Data section

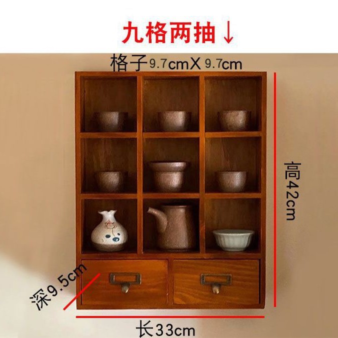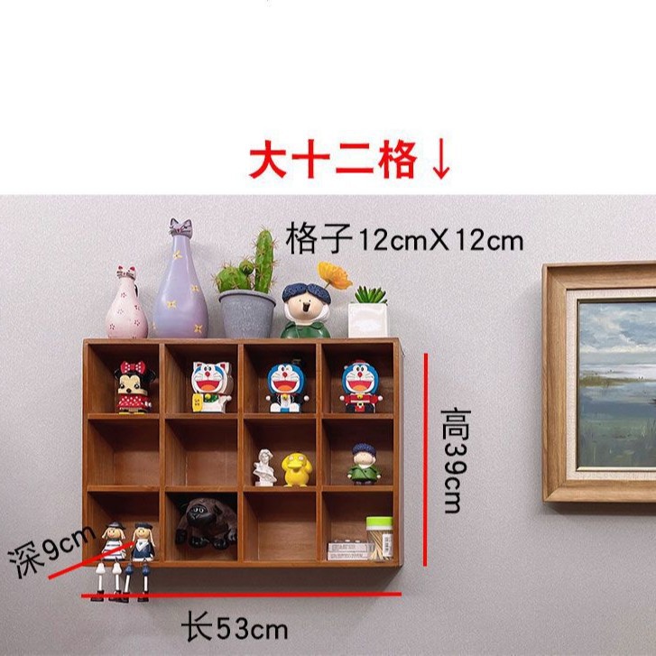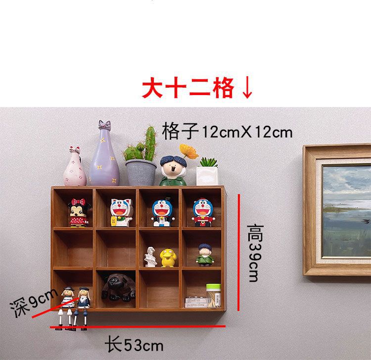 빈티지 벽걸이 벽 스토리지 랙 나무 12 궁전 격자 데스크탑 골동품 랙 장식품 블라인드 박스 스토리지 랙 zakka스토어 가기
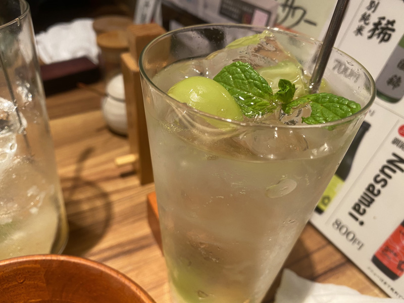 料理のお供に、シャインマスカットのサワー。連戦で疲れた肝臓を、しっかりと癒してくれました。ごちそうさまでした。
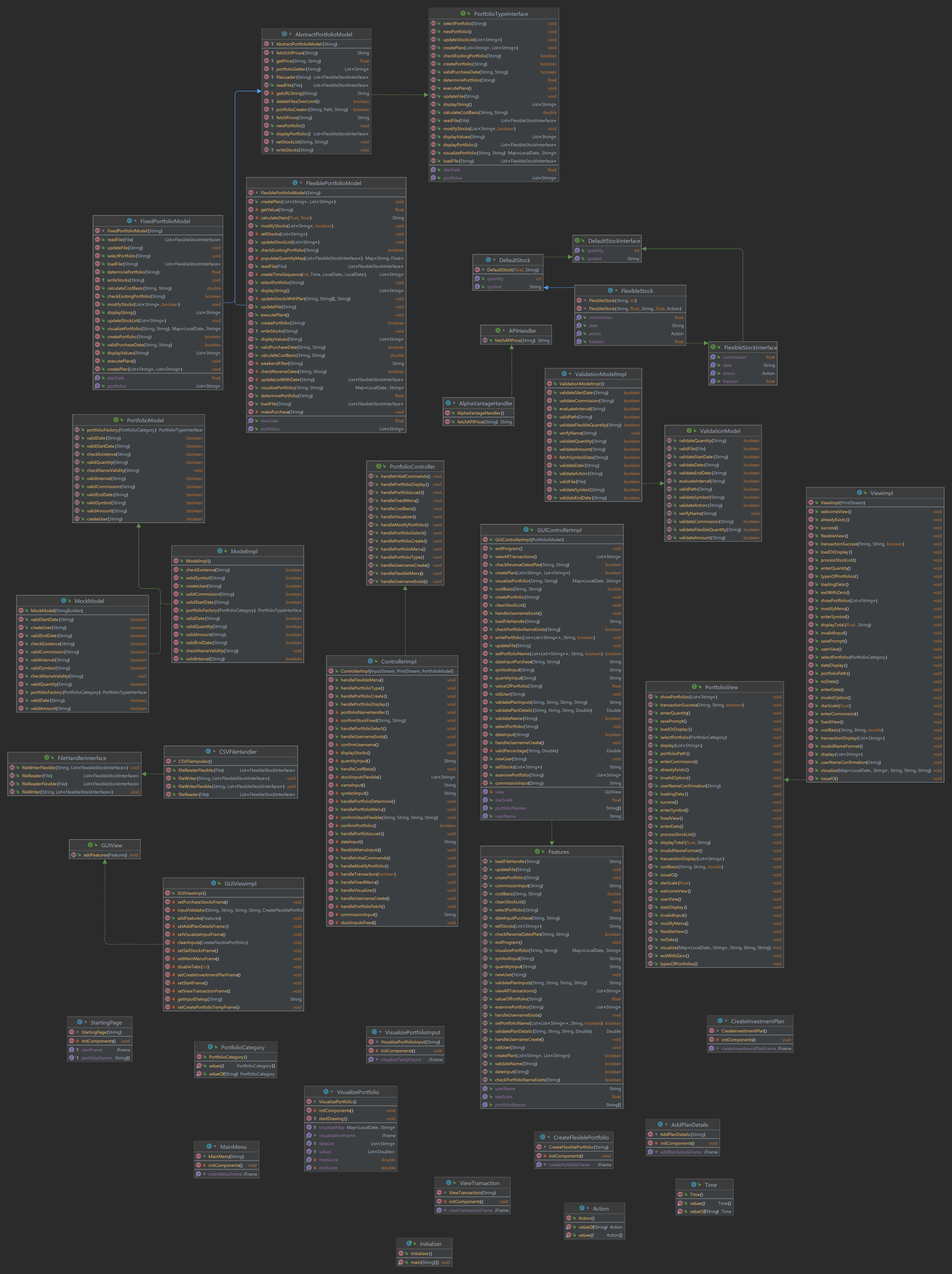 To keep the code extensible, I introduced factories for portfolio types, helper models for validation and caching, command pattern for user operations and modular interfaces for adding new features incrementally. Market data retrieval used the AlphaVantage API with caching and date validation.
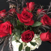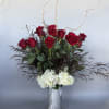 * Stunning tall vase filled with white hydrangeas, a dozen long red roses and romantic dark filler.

Assigned task
In the data above, find the line containing "料理のお供に、シャインマスカ", then output it and every later line exactly, without the pictures.

Exercise solution
 料理のお供に、シャインマスカットのサワー。連戦で疲れた肝臓を、しっかりと癒してくれました。ごちそうさまでした。
 To keep the code extensible, I introduced factories for portfolio types, helper models for validation and caching, command pattern for user operations and modular interfaces for adding new features incrementally. Market data retrieval used the AlphaVantage API with caching and date validation.
 * Stunning tall vase filled with white hydrangeas, a dozen long red roses and romantic dark filler.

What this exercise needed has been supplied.